Support request - tuning for long timeouts
My actions before raising this issue
- [ ] Followed the troubleshooting guide
- [x] Read/searched the docs
- [x] Searched past issues
Now the shutdownTimeout variable in watchdog is the same as the write_timeout environment variable.
This is unfortunate since if you set a high write_timeout value the watchdog will wait for twice that time when shutting down. This will happen even if there are no fprocesses running.
Expected Behaviour
The the watchdog shuts down as quickly as possible when there are no running fprocesses.
Possible Solution
Since the http.Server.Shudown gracefully shuts down the server without interrupting any active connections there might not be any need to have <-time.Tick(shutdownTimeout) in the listenUntilShutdown function (tested this locally with kind and didn’t experience any problems).
However, a fully backward compatible change would be to add a shutdown_timeout environment variable that would set shutdownTimeout if specified and default that back to write_timeout if not specified.
Context
We want to be able to configure a high timeout limit for the fprocess and that the watchdog shuts down as quickly as possible when there are no running fprocesses to use resources more efficiently.
Thanks for your interest.
Now the shutdownTimeout variable in watchdog is the same as the write_timeout environment variable. This is unfortunate since if you set a high write_timeout value the watchdog will wait for twice that time when shutting down.

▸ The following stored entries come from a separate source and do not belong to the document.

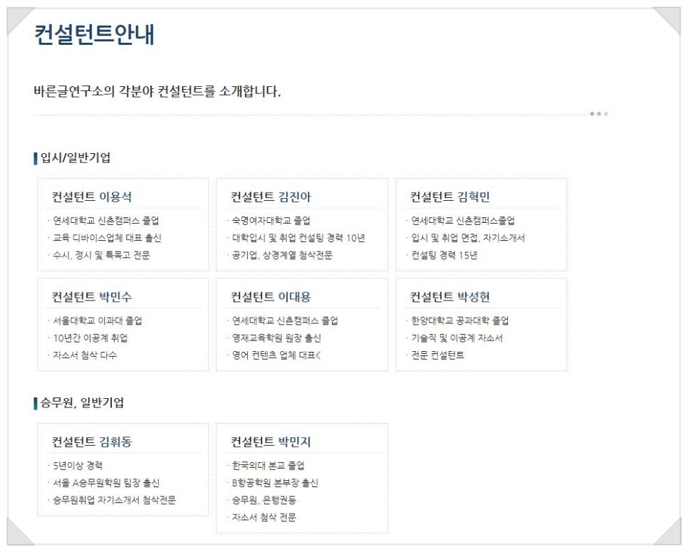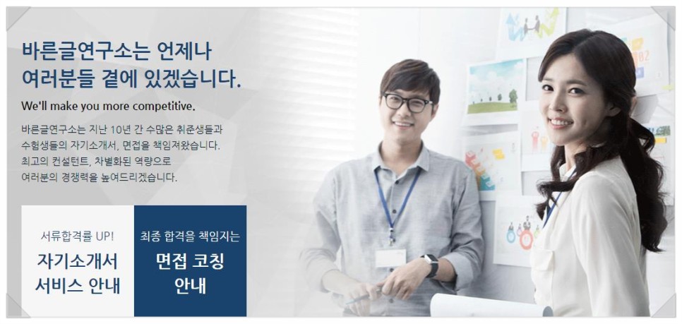 오늘 알려드리고 싶은 곳은 바른글연구소에서 자기소개서 등 지원서류에 필요한 내용을 작성해 주는 곳으로 각 분야의 전문적인 분들이 여러분의 경험, 경력 등을 분석해서 지원하는 회사에 맞게 작성하는 회사입니다.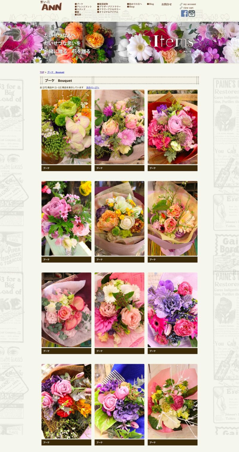野の花 ANN 様 生花、フラワーアレンジメントやプリザーブドフラワー、フラワーアクセサリーなどを取り扱う野の花 ANN様のホームページ。 独自のこだわりを持つ同店のイメージを、年季の入った壁の画像とクラシカルなイラストやモチーフを使用し表現しています。 花の写真がより映えるよう、全体的に色味を抑えていることもサイト全体のビンテージ感を醸し出しています。 URLhttp://ann-smile.com/ 地域・業界・業種 盛岡市 / 花屋 デバイス・仕様PC、カラーミーショップ 担当業務等Webサイト設計/情報設計/デザイン/CMS構築/更新操作指導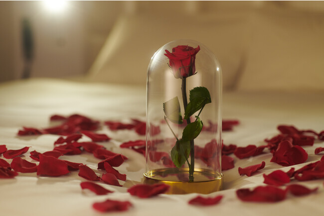 イミテーションの花びらで彩る“ベッドデコレーション”と、童話にも登場するドーム型ガラスケースに入ったバラをイメージした“ローズドーム”をセットにしたロマンチックなクリスマス限定の装飾プラン。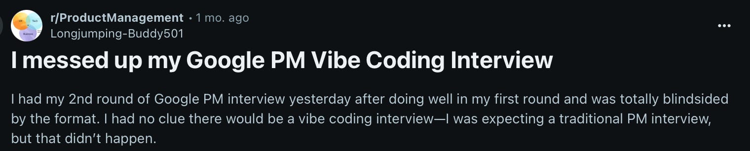 This follows a viral Reddit post about a Google PM interview that rattled the product job seekers community: “I messed up my Google PM Vibe Coding Interview”.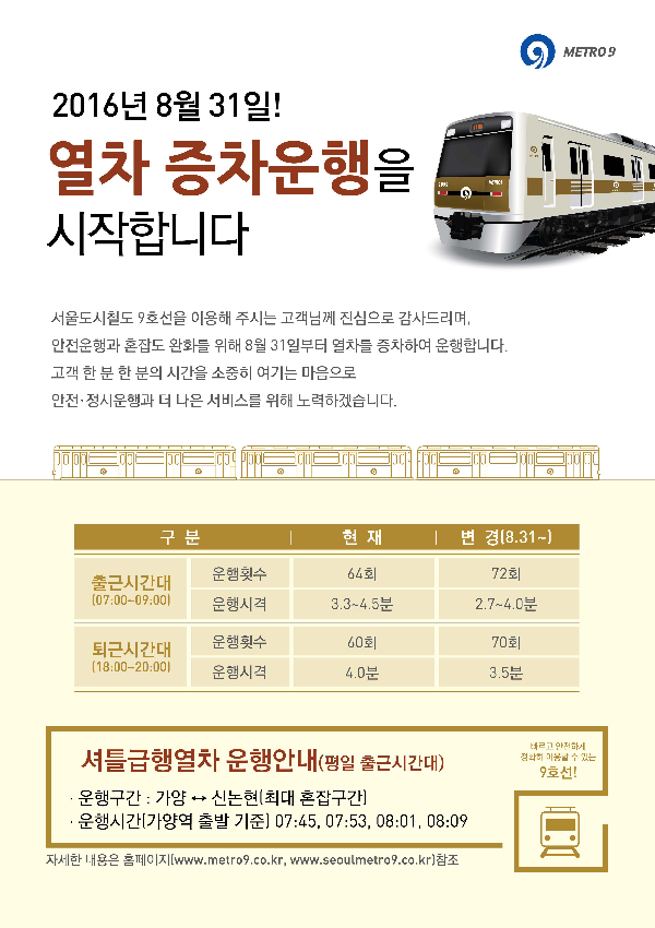 현재 지하철 9호선은 144량(36편성)이 운행되고 있으며, 이번 증차를 통해 총 160량(40편성)으로 늘어나게 된다. 이번에 증차되는 16량으로 9호선 전체의 혼잡도를 200% 이하로 낮추기 위해서 다양한 대안들을 검토했고, 최종적으로 혼잡이 극심한 출근시간대에 셔틀형 급행열차 대안을 선택해 시행하게 됐다. 서울시는 특히 승객이 집중되는 출․퇴근시간대에 열차가 집중 투입될 수 있도록 운행 계획을 수립했다.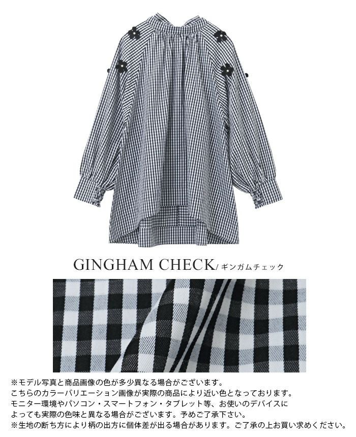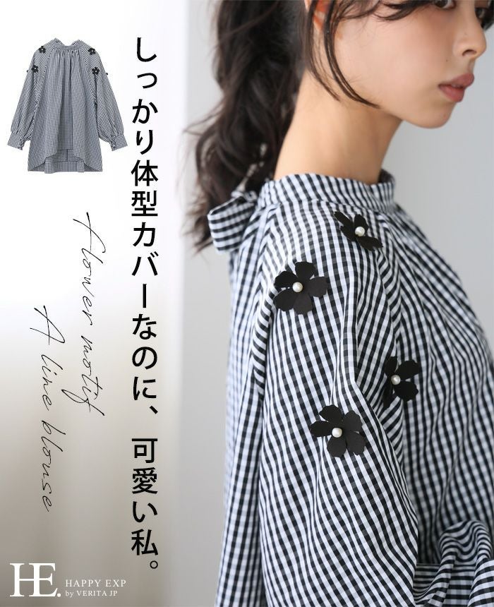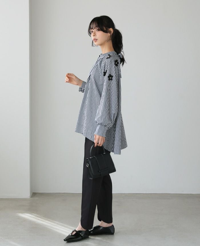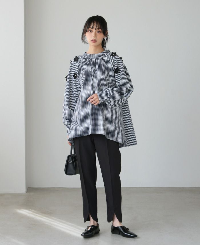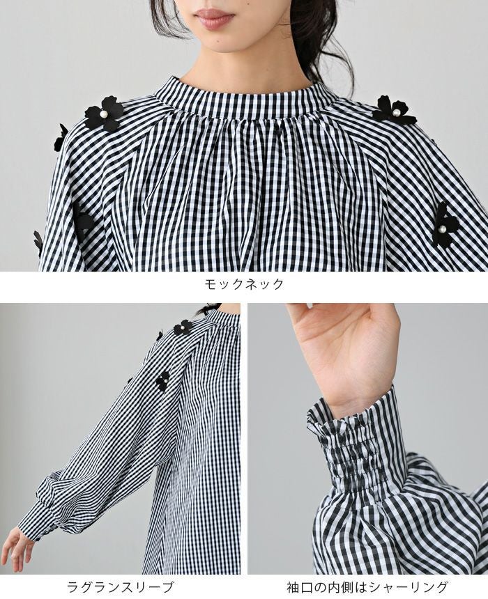 『日常が華やぐ、立体的な花。』立体的な花のモチーフを散りばめ、パールで飾り付けしたブラウス。たっぷりと生地を使ったAラインで、気になる腰回りをカバー。ギャザーを入れたモックネックは、後ろでリボンを結ぶデザイン。袖口は内側にシャーリングを入れ、ふっくらとしたボリュームスリーブ。大人の可愛さが詰まった、拘りのアイテムです。

This will happen even if there are no fprocesses running.
This is the safest way we can ensure there are no in-flight requests and mirrors the of-watchdog codebase.
Out of interest, what specific writeTimeout are you setting?
/set title: Support request - tuning for long timeouts
This is a request coming from us at Cognite btw @alexellis 😊 so we target timeouts on 30 min+, and what we have observed is that it seems to finish all running processes before reaching the sleep lines.
Just following up on this, is there any more information that is needed to resolve this issue, @alexellis?
One question I have is regarding what you say here
This is the safest way we can ensure there are no in-flight requests and mirrors the of-watchdog codebase.
Why is this safer than not having the ticks there when the http server is already waiting until the active connections are terminated, as specified in the docs link above? Are you thinking about the requests that are traveling from the gateway/queue-worker to the watchdog?
I've not heard from @andeplane for a while, but I'd be happy to discuss putting time aside specifically to help Cognite with this challenge.
We have solved this before this issue was written, but I asked our intern to write it here to discuss. We are happy to provide a PR :)
We fixed this in OpenFaaS Standard in 2021.
https://www.openfaas.com/blog/long-running-jobs/
Closing as stale.
/lock: resolved 3 years ago.
/lock: resolved 3 years ago.